Дед Щукарь вздохнул:
- Поздновато трошки! Кабы лет сорок назад меня рабочим исделать, я бы, может, другим человеком был... Мне в крестьянской бытности не было удачи. С мальст-ва моя жизнь пошла наперекосяк, да и так до последних времен. Меня, кубыть, ветром несло всю жизнь, и то скособочит, то вдарит об какой предмет, а то и вовсе к яд-рене матери ушибет...
- Почему же это?- поинтересовался Давыдов.

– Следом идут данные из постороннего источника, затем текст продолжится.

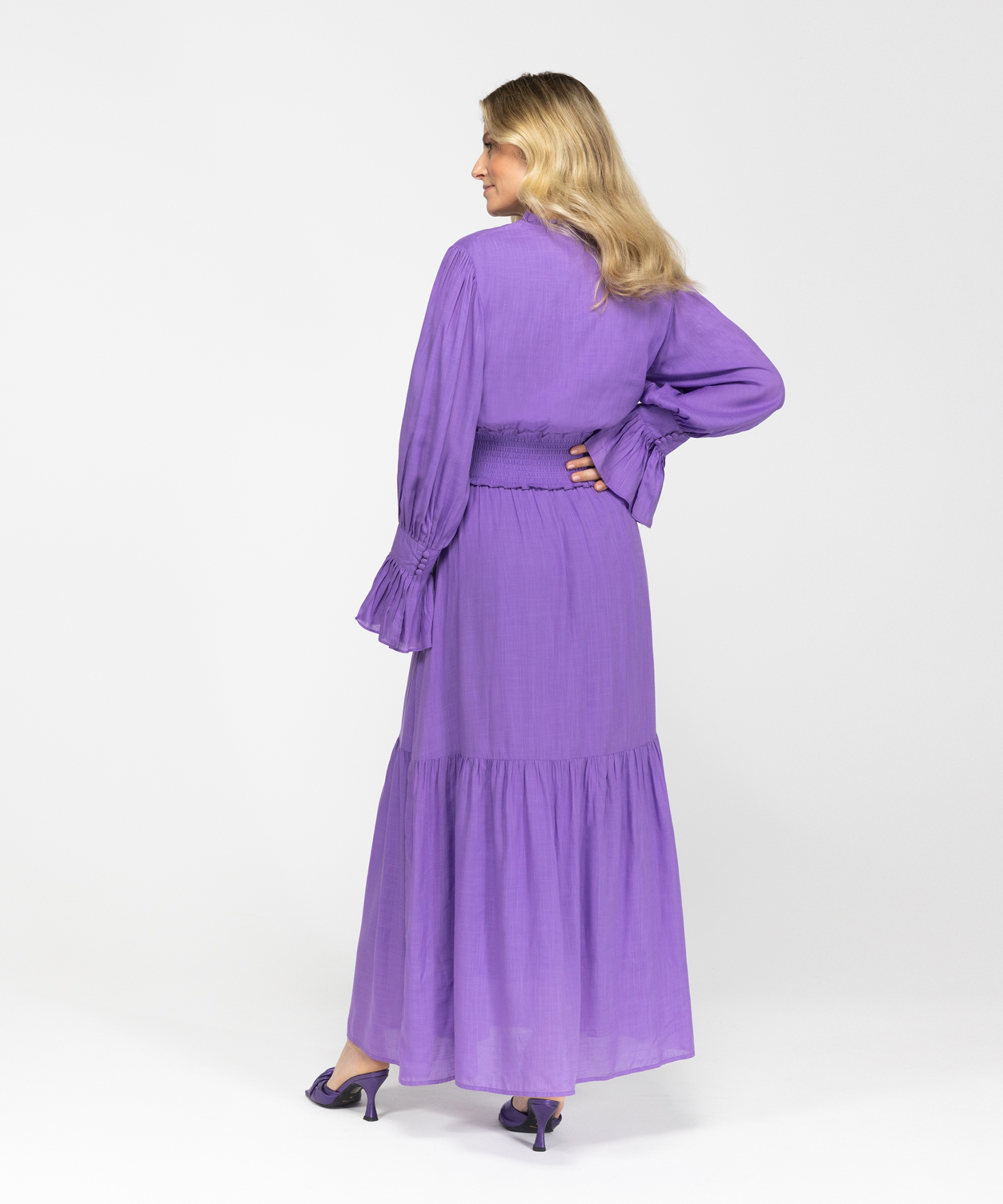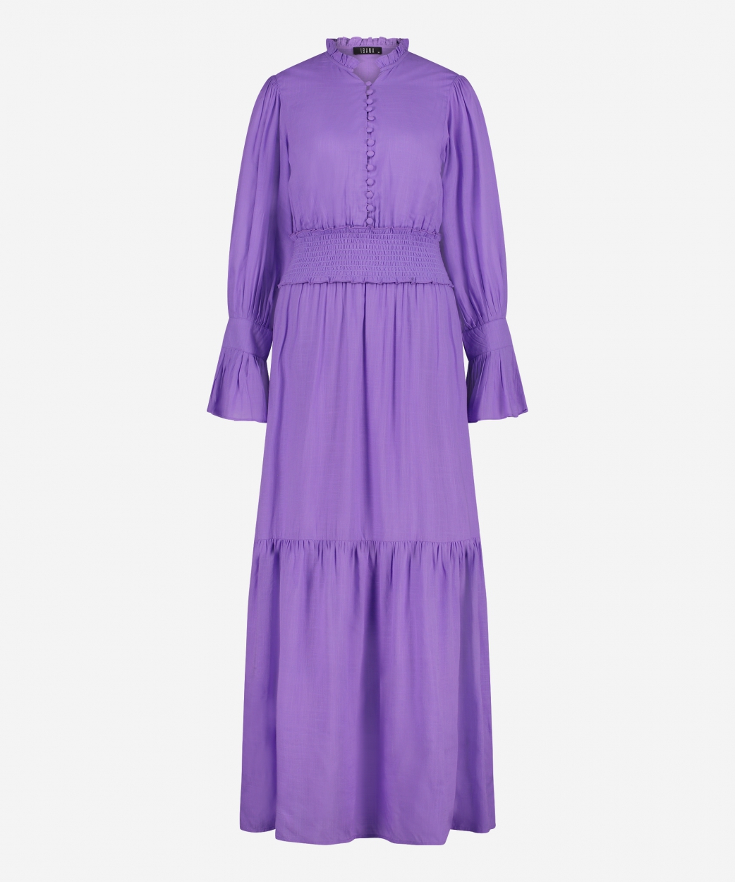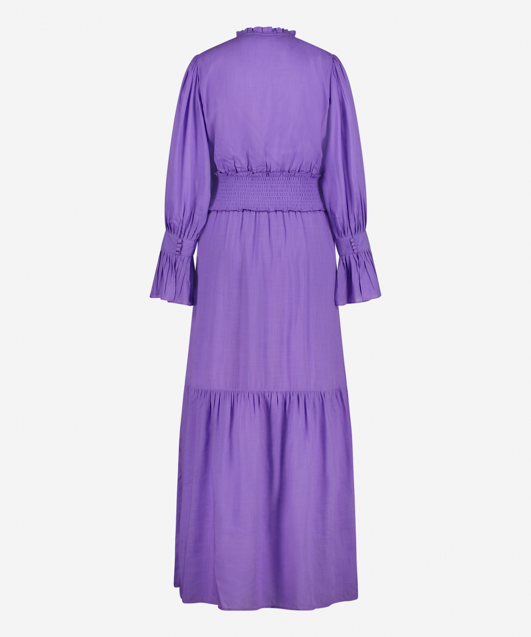 De Darti is een maxi dress die tot de enkels valt. De jurk heeft fijne details zoals de ruches, soepelvallende plooien en de opstaande kraag met een rij knoopjes. Het materiaal viscose zorgt dat de jurk fijn aanvoelt en je er makkelijk in kunt bewegen. De geaccentueerde brede tailleband is gemaakt van stretch materiaal.

- Зараз расскажу все до нитки. Жеребцы нехай бегут трюпком, а я пожалюсь тебе. Хучь ты и пасмурный человек, а должон понять и восчувствие поиметь... Со мной до скольких разов сурьезные случаи происходили. Перво-наперво: родился я, и бабка-повитуха моей покойной мамаше доразу сказала: "Твой сын, как в лета войдет, генералом будет. Всеми статьями шибается на генерала: и лобик у него, мол, узенький, и головка тыквой, и пузцо сытенькое, и голосок басовитый. Радуйся, Матрена!" А через две недели пошло навыворот супротив бабкиных слов... Родился я на "Евдокию", но в этот день не то что курочке негде было напиться, но даже, говорила мамаша, воробьи на лету замерзали к ядреной матери! Понесли меня крестить в Тубянской. Ну сам подумай: мысленное дело дитя в купелю окунать по такому холоду? Зачали воду греть, дьячок с попом были пьяные, как сукины дети. Один налил в купелю вару, а другой не попробовал и - "Господи-сусе, крещается раб божий" - да как ширнет меня в кипяток, с головой затопил... Так на мне шкурка и полезла! Принесли домой, а я - весь в волдырях. Ну, конечно, через это и грыжу в пупке нажил, от боли кричал дюже, надувался через силу... С этой поры и пошло мне, как больному, на лихо! А все через то, что в хлеборобской бытности произведенный я на свет. До девяти годов меня и собаки рвали, и гусак щипал до невозможности, и жеребенок раз так задком накинул, что я замертво копырнулся. А с девяти годов со мной все сурьезнее зачали случаи вершиться. Десятый год мне шел, и тут я был натурально пойматый на крючок...
- На какой крючок? - удивился Давыдов, слушавший Щукарев рассказ не без внимания.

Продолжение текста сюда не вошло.